▸ **WORK INSTRUCTIONS**: From the records below, output exactly the lines starting at the line with "5. Kliknij sterownik" and ending at the line with "Getting People Involved (round", both of them included, but no pictures.

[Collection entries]
────────────────────

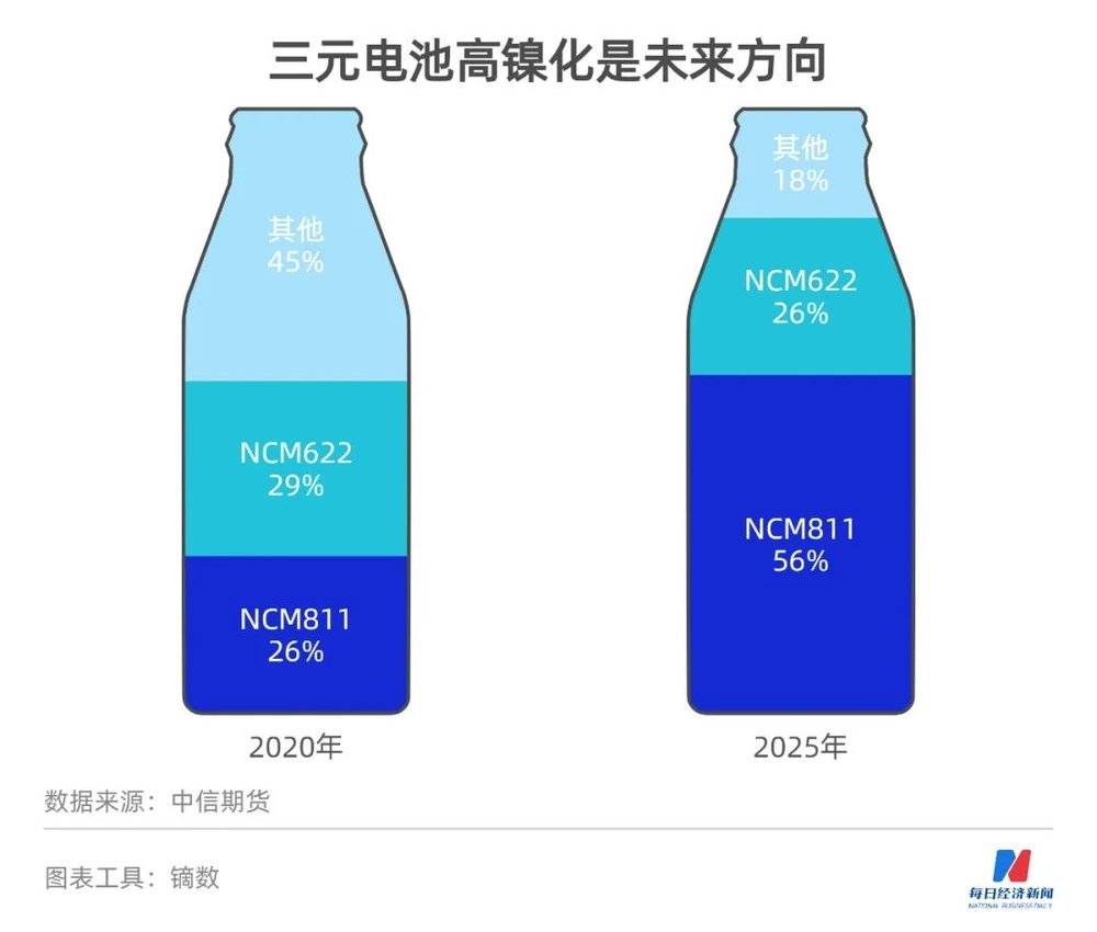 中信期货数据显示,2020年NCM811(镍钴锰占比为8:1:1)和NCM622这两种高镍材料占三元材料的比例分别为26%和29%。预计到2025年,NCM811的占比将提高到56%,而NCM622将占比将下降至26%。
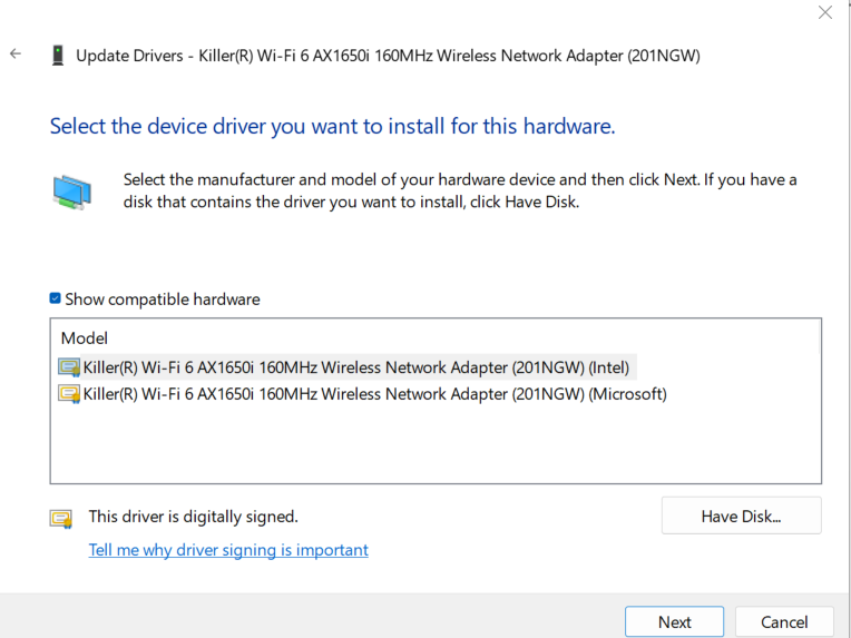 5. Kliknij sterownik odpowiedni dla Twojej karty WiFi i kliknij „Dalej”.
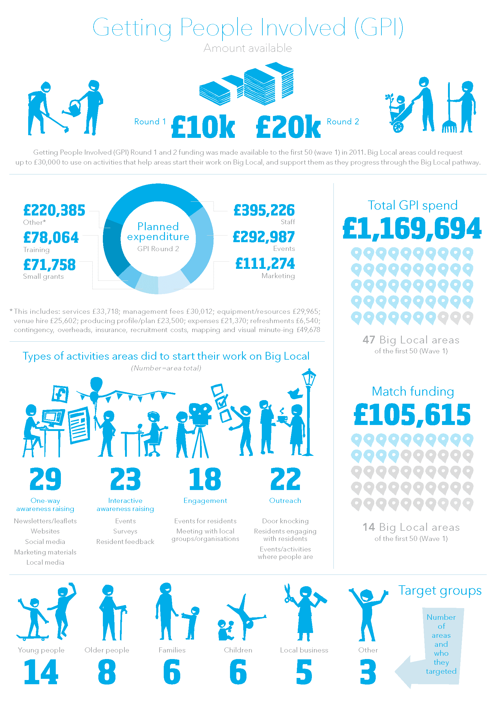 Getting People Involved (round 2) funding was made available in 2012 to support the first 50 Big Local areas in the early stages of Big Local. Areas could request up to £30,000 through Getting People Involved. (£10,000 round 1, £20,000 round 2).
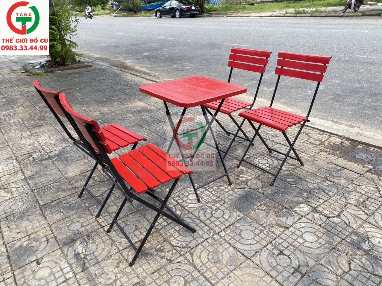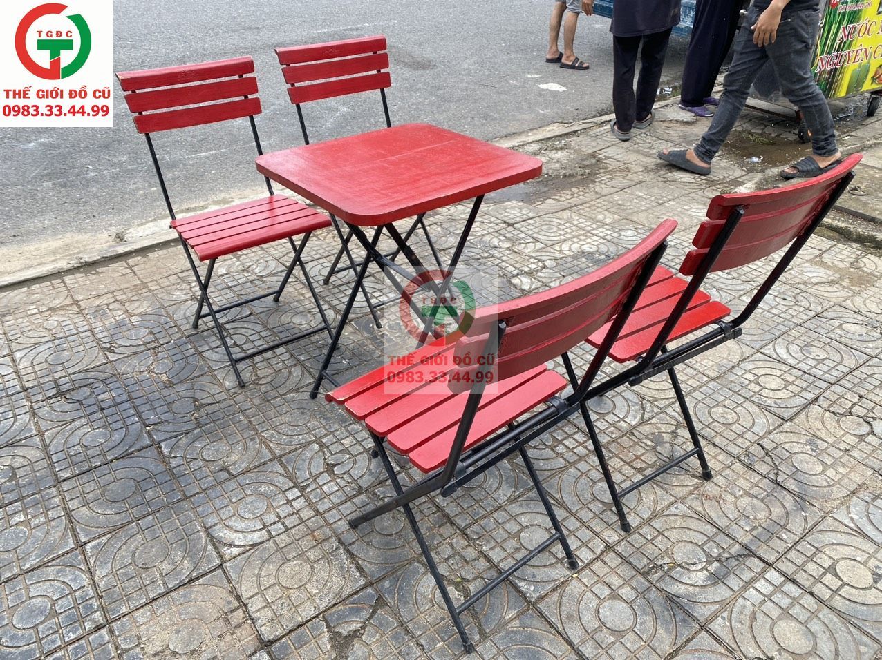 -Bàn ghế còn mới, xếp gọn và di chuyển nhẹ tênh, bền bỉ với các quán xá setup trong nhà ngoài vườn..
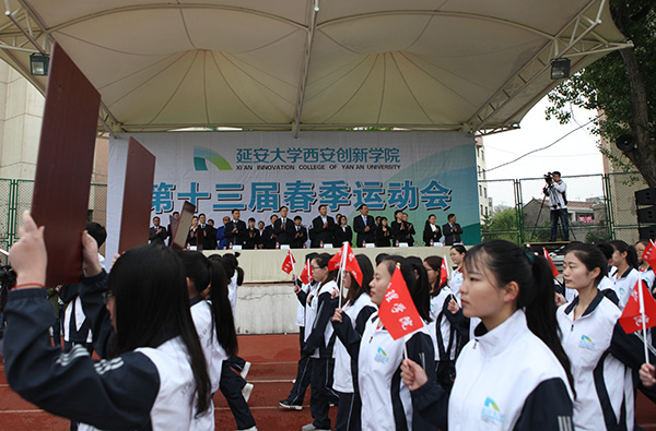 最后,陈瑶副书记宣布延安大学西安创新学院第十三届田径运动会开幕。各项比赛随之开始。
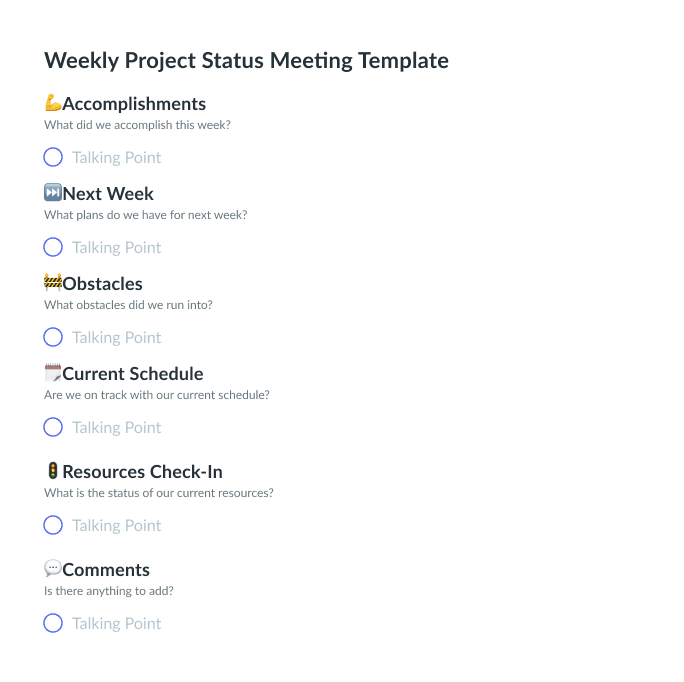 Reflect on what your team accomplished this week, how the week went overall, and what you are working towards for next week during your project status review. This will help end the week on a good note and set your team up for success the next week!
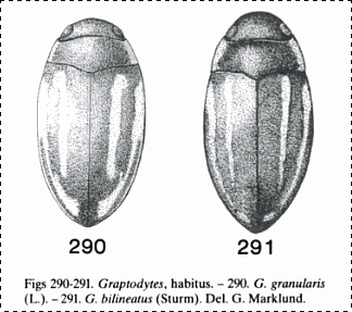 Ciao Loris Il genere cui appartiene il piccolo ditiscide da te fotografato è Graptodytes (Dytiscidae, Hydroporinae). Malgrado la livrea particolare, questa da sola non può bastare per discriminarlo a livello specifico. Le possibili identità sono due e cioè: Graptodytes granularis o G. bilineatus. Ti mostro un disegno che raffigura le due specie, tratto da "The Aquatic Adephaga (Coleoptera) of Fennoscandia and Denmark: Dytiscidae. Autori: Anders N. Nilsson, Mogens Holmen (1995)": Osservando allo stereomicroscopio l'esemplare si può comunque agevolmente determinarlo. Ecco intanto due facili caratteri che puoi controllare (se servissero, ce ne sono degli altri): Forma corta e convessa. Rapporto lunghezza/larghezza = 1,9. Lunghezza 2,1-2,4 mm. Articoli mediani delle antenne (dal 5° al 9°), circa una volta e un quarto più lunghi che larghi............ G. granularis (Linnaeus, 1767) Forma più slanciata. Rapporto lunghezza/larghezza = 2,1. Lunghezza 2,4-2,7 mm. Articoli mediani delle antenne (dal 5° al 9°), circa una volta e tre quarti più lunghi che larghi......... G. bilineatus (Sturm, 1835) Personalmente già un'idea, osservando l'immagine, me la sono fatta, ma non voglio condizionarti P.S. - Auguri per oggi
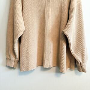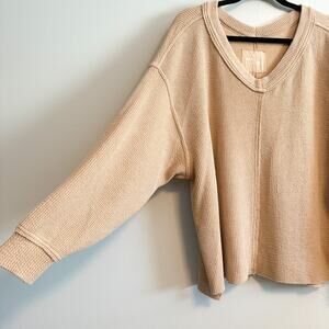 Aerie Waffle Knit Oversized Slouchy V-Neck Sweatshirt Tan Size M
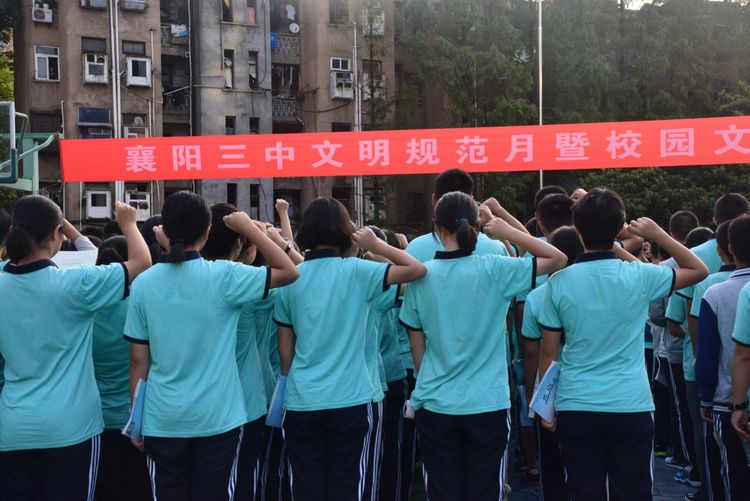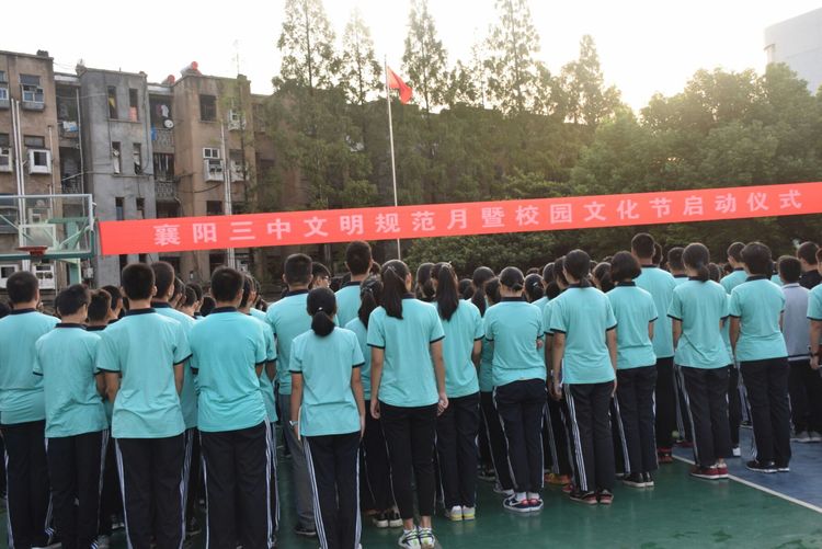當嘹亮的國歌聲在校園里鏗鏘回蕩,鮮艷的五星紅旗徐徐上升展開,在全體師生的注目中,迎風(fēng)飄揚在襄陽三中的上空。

────────────────────

▸ **SOLUTION**:
 5. Kliknij sterownik odpowiedni dla Twojej karty WiFi i kliknij „Dalej”.
 Getting People Involved (round 2) funding was made available in 2012 to support the first 50 Big Local areas in the early stages of Big Local. Areas could request up to £30,000 through Getting People Involved. (£10,000 round 1, £20,000 round 2).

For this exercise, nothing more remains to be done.